German politician (born 1966)

Jürgen Lenders (born 20 April 1966 in Krefeld, North Rhine-Westphalia) is a German politician for the FDP and has been a member of the German Bundestag, the federal parliament, from 2021 to 2025. He was a member of the state parliament of Hessen from 2008 to 2021.

==Education and profession==
After graduating from secondary school, Lenders trained as a tradesman in the electrical trade. Following his military service, he returned to his old company and later worked as head of purchasing for a shopfitting company. In 1994, he started his own business.

==Political career==
Lenders has been a member of the FDP since 1995 holding various board positions. Lenders is the founding chairman of the district association of the Young Liberals (JuLis) and has been the district chairman of the FDP in the Fulda district since 1997. From 2001 to 2005 he was a member of the FDP state executive committee. Since 2010, he has been the chairman of the FDP district association for northern and eastern Hessen. Lenders was a local councillor in the Fulda city parliament from 2003 to 2011, leading the FDP parliamentary group from 2004 to 2011. In the 2008 Hessian state elections on 27 January 2008, Jürgen Lenders became a member of the Hessen state parliament and was economic policy spokesman and treasurer of the FDP state parliamentary group. In the 2013 Hessian state elections, he stood in the constituency of Fulda I, as before in 1999, 2003, 2008 and 2009 when he was defeated in each case by Walter Arnold (CDU). However, on this occasion he succeeded in re-entering the state parliament via a party list position. He again became economic policy spokesman, transport policy spokesman and deputy parliamentary group chairman. He also ran in the 2018 Hessian state election in the constituency of Fulda I, this time losing to the new CDU candidate Thomas Hering. From 2015 to 2021, he was parliamentary manager of the FDP parliamentary group. He is a member of the Main Committee and deputy member of the Investigation Committee 20/1 (Dr. Walter Lübcke) since June 30, 2020.
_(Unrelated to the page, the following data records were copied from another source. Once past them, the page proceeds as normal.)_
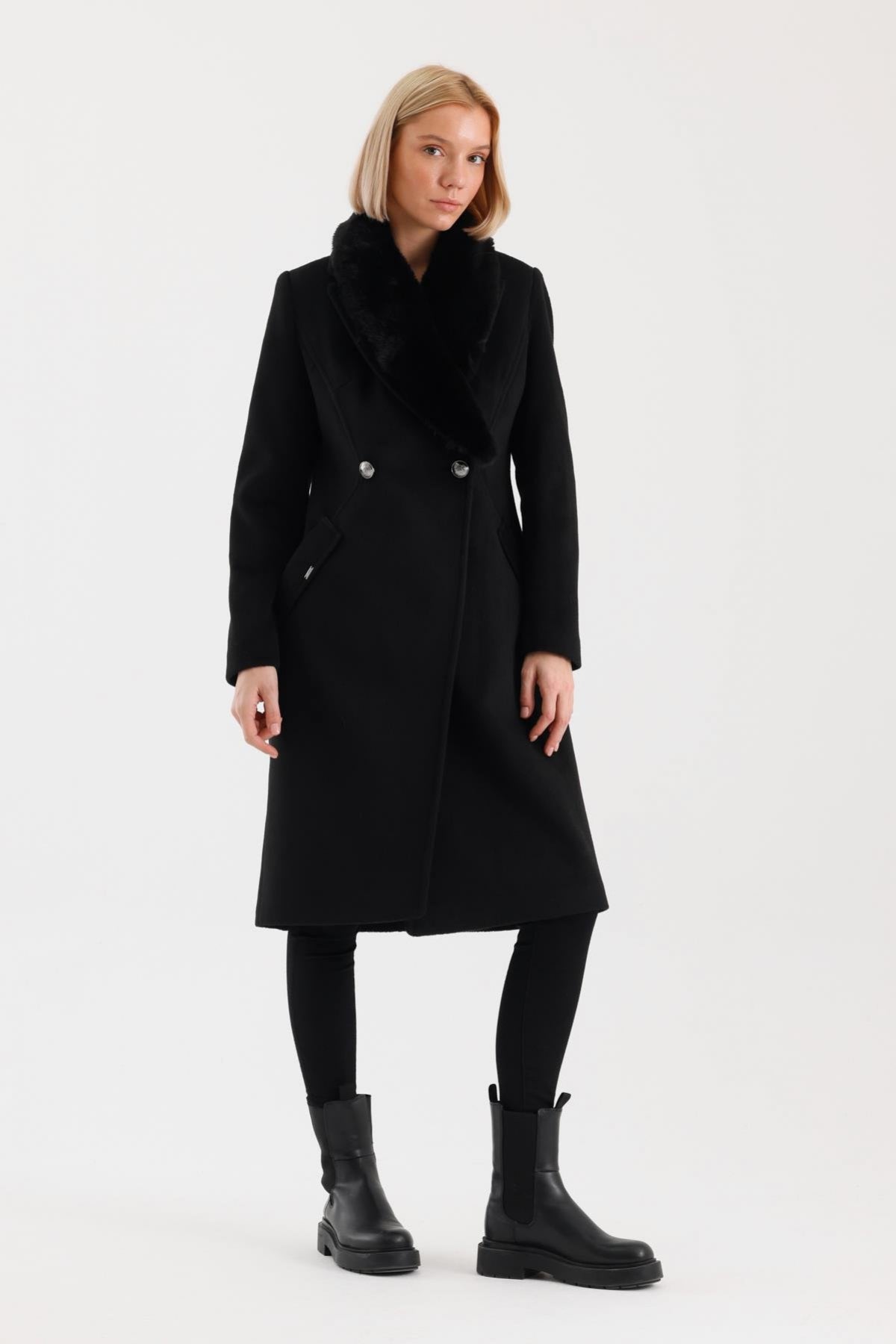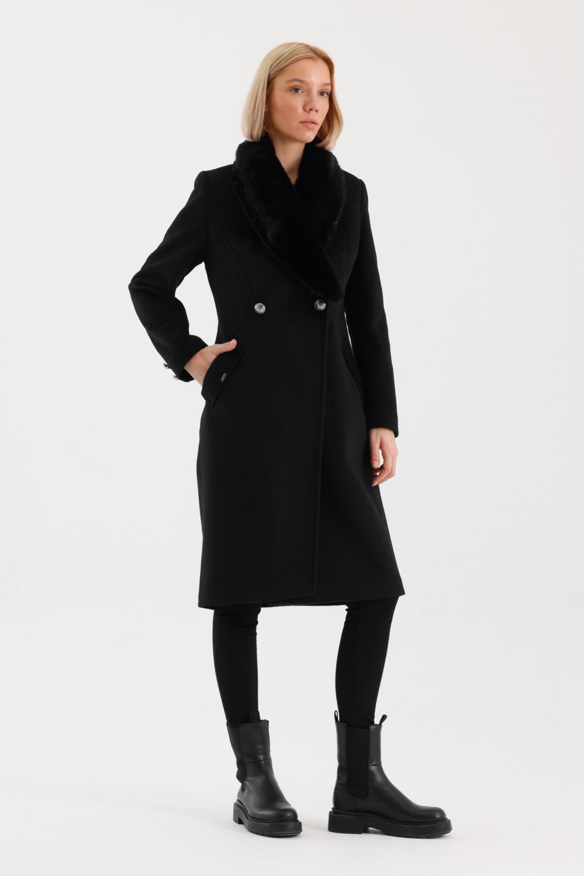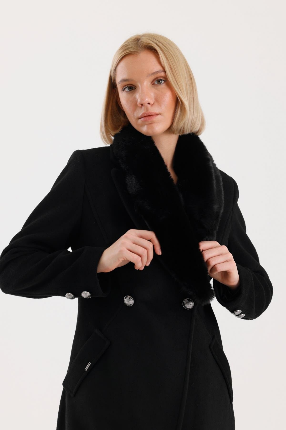 Kürk Yaka Cep Detaylı Kaşe Kaban Siyah Kaban 13092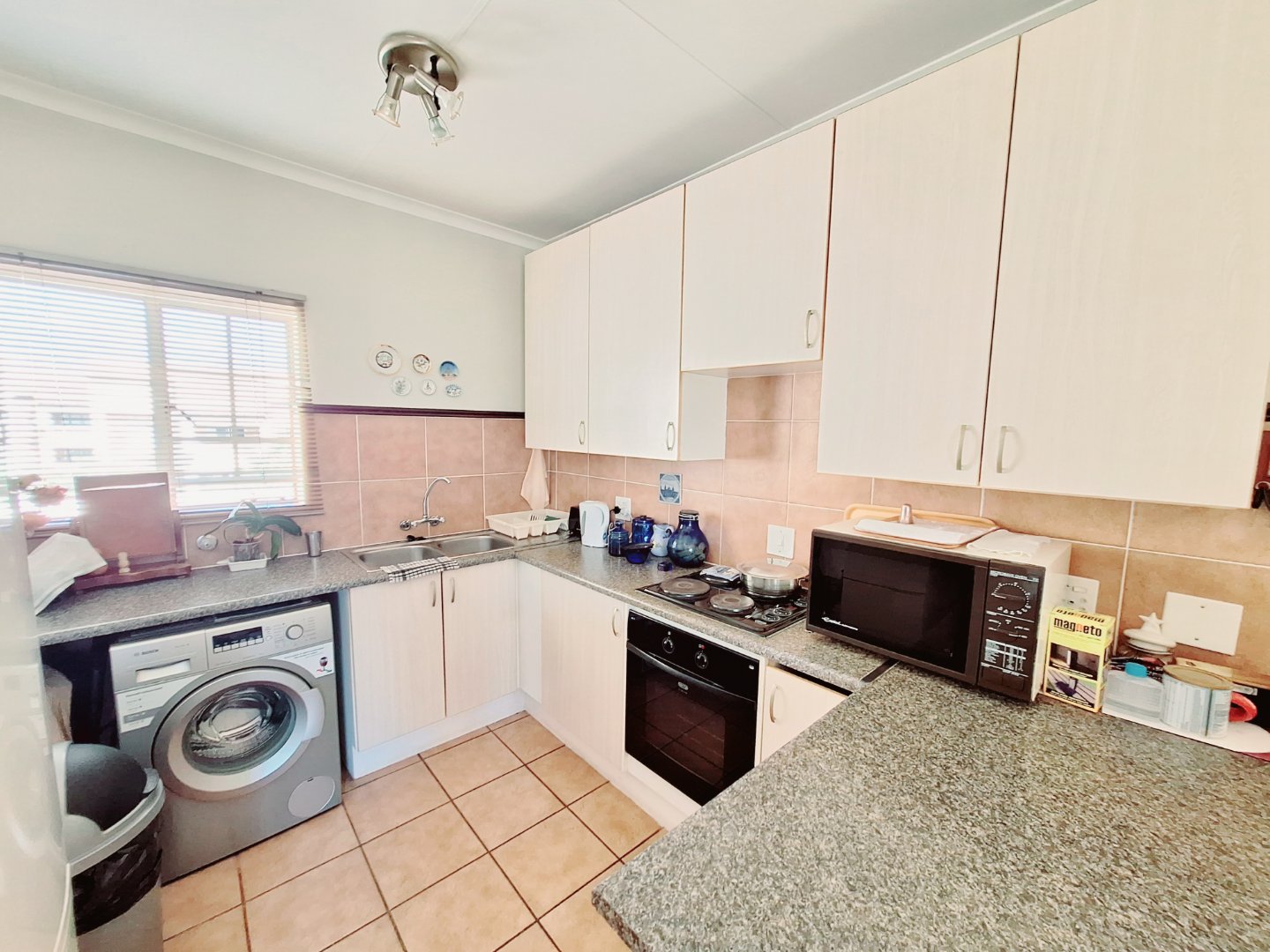 On the first floor with a balcony. An open plan kitchen and Living area. The bathroom offers a bath and shower. Two spacious bedrooms and a lock up garage. The complex has a braai area, swimmingpool and childrens play area.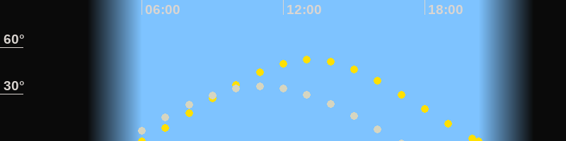 | Sonnenaufgang | 06:00 Uhr im Osten (αAz = 68.9°) |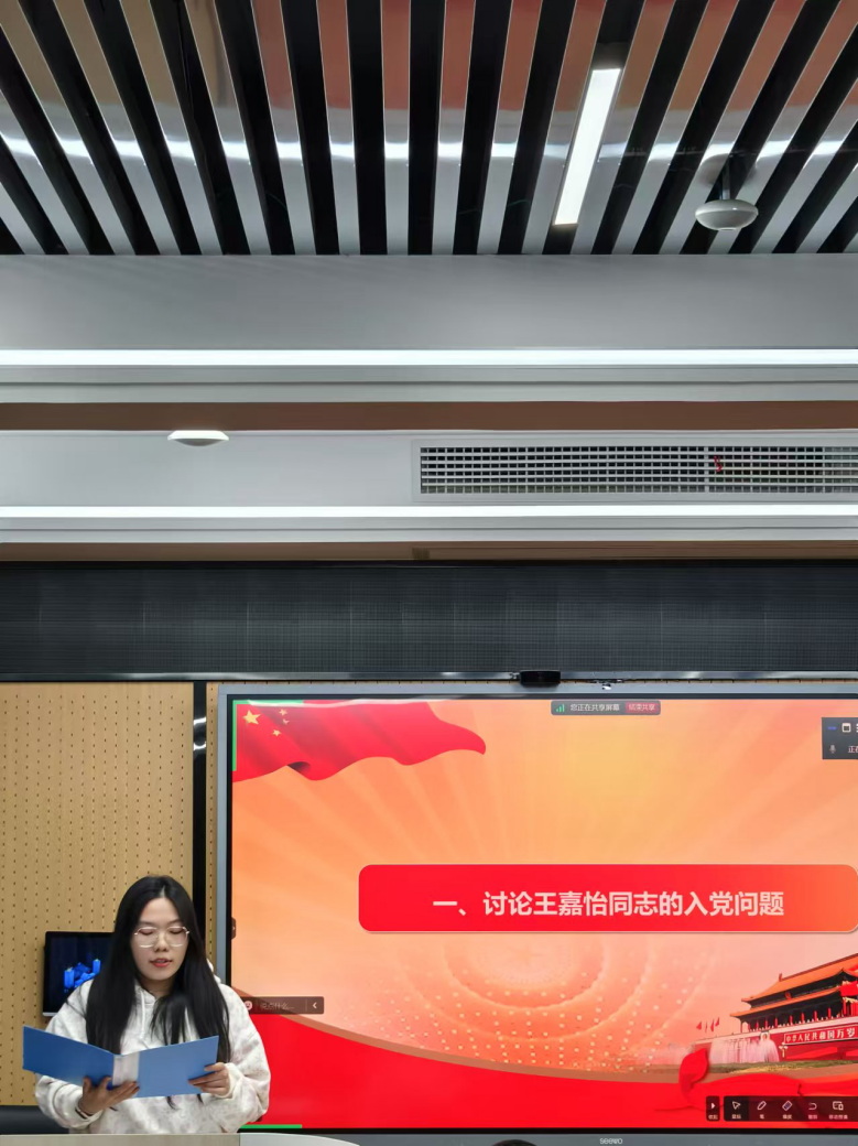 会议的第二项议程是讨论接收发展对象王嘉怡、李怡林同志成为预备党员。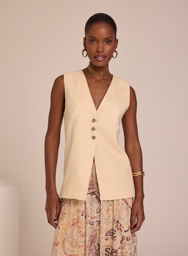 O Colete é confeccionada em linho, possui modelagem de alfaiataria, caimento reto, decote em "V", alças largas, fechamento frontal por abotoamento triplo, fenda frontal e acabamento pespontado.

At the federal level, Lenders is an assessor on the federal executive committee of the Liberal Gays and Lesbians (LiSL) and head of the working group Economy, small and medium-sized businesses and tourism of the parliamentary group conference.

===Member of the German Parliament, 2021–2025===
Lenders was elected to the Bundestag in the 2021 German federal election, gaining a seat in the Bundestag via a list mandate. Subsequently he resigned from his state parliament mandate opening the way for his successor Lisa Deißler. 2021.

In parliament, Lenders served as a member of the Transport Committee.

In September 2024, Lenders announced that he would not stand in the 2025 federal elections but instead resign from active politics by the end of the parliamentary term.

==Other activities==
From 1998 to 2011, Lenders was the 1st Chairman of the Fulda City Marketing Association Fulda and is now Honorary Chairman. From 2002 to 2011, Jürgen Lenders was an honorary judge at the Social Court of Fulda.

==Personal life==
Lenders has lived in a registered civil partnership since 2010.